]> git.apps.os.sepia.ceph.com Git - ceph.git/commitdiff
qa: Wait for mirror daemon restart before getting new rados_inst 58632/head
authorJos Collin <jcollin@redhat.com>
Thu, 14 Mar 2024 14:42:46 +0000 (20:12 +0530)
committerJos Collin <jcollin@redhat.com>
Wed, 17 Jul 2024 01:00:06 +0000 (06:30 +0530)
After blocklisted/failed, wait for the mirror daemon restart
which is after 30 seconds timeout and then check for the new rados_inst.

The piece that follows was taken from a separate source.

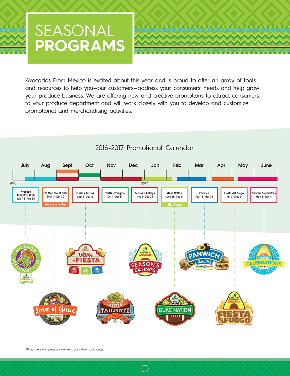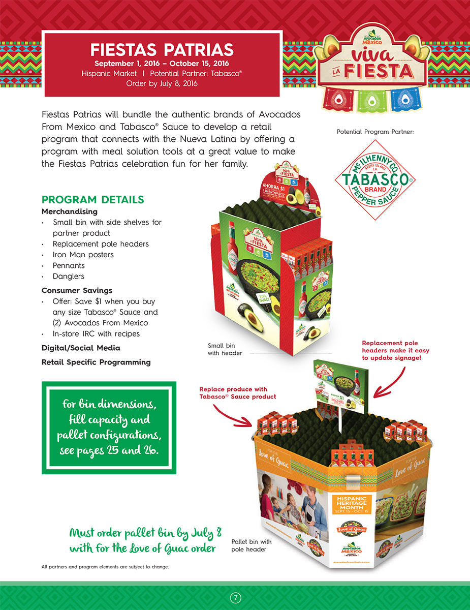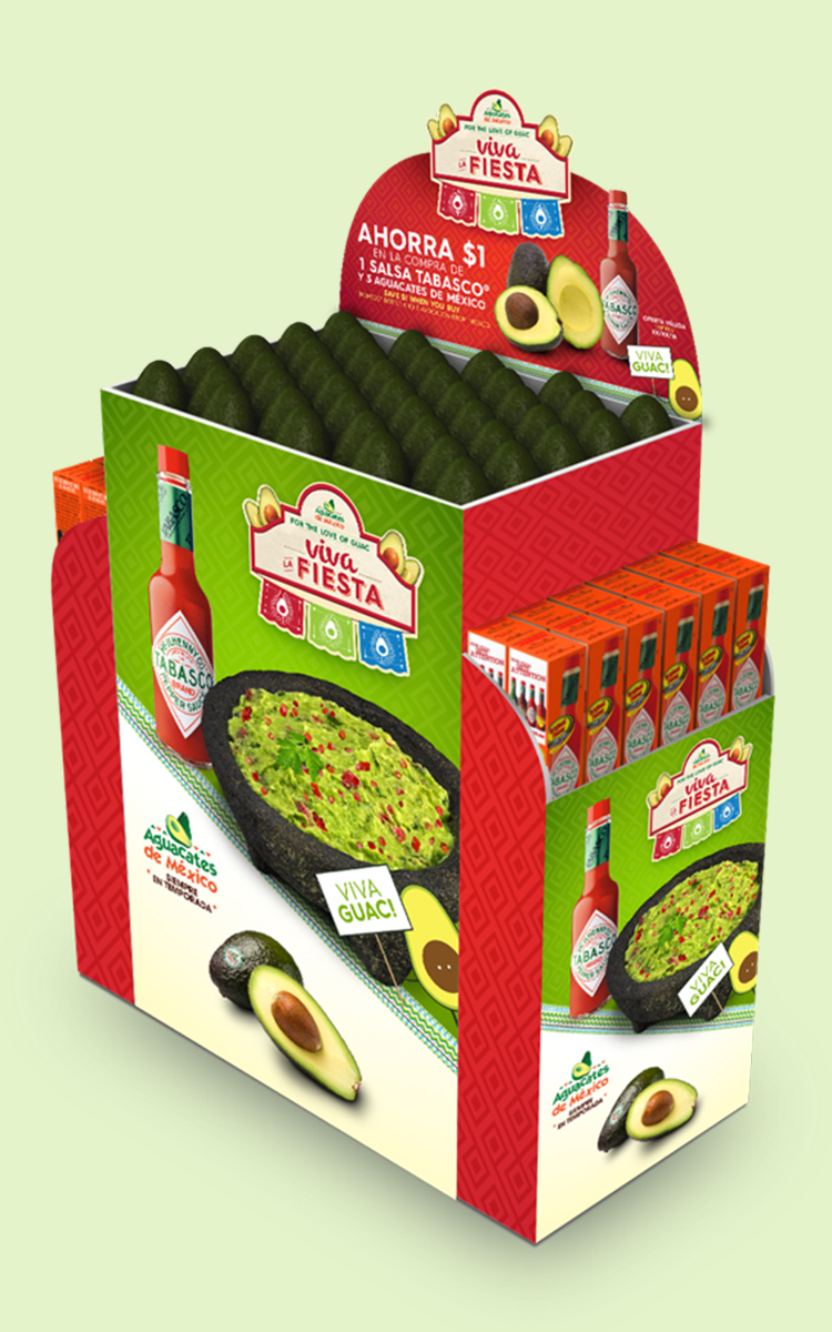 When Avocados From Mexico created a new program focusing on hispanic heritage I was tasked with developing the logo. Three options were developed with the requirements of using brand typefaces and colors while expressing "Mexicanity" and representing the product. We were also tasked with naming the program. After many brainstorming sessions we decided on Viva la Fiesta. The chosen option integrates hispanic architecture and papel picado (paper banners) creating an upbeat and lively atmosphere while maintaining a strongly branded program mark.

Fixes: https://tracker.ceph.com/issues/64927
Signed-off-by: Jos Collin <jcollin@redhat.com>
(cherry picked from commit a9a56919ff95d2face436da2ca08fd26580fadb9)

qa/tasks/cephfs/test_mirroring.py

index 6e57df5d0a846bd92611d39c46303a2de2f6805f..d1b8cb9a3e82a4596a657f98cac36bb0ebd094cf 100644 (file)
@@ -275,7 +275,8 @@ class TestMirroring(CephFSTestCase):
         """return the rados addr used by cephfs-mirror instance"""
         res = self.mirror_daemon_command(f'mirror status for fs: {fs_name}',
                                          'fs', 'mirror', 'status', f'{fs_name}@{fs_id}')
-        return res['rados_inst']
+        if 'rados_inst' in res:
+            return res['rados_inst']
 
     def mirror_daemon_command(self, cmd_label, *args):
         asok_path = self.get_daemon_admin_socket()
@@ -491,6 +492,7 @@ class TestMirroring(CephFSTestCase):
 
         # fetch rados address for blacklist check
         rados_inst = self.get_mirror_rados_addr(self.primary_fs_name, self.primary_fs_id)
+        self.assertTrue(rados_inst)
 
         # simulate non-responding mirror daemon by sending SIGSTOP
         pid = self.get_mirror_daemon_pid()
@@ -509,9 +511,16 @@ class TestMirroring(CephFSTestCase):
         # check if the rados addr is blocklisted
         self.assertTrue(self.mds_cluster.is_addr_blocklisted(rados_inst))
 
-        # wait enough so that the mirror daemon restarts blocklisted instances
-        time.sleep(40)
-        rados_inst_new = self.get_mirror_rados_addr(self.primary_fs_name, self.primary_fs_id)
+        # wait for restart, which is after 30 seconds timeout (cephfs_mirror_restart_mirror_on_blocklist_interval)
+        time.sleep(60)
+
+        # get the new rados_inst
+        rados_inst_new = ""
+        with safe_while(sleep=2, tries=20, action='wait for mirror status rados_inst') as proceed:
+            while proceed():
+                rados_inst_new = self.get_mirror_rados_addr(self.primary_fs_name, self.primary_fs_id)
+                if rados_inst_new:
+                    break
 
         # and we should get a new rados instance
         self.assertTrue(rados_inst != rados_inst_new)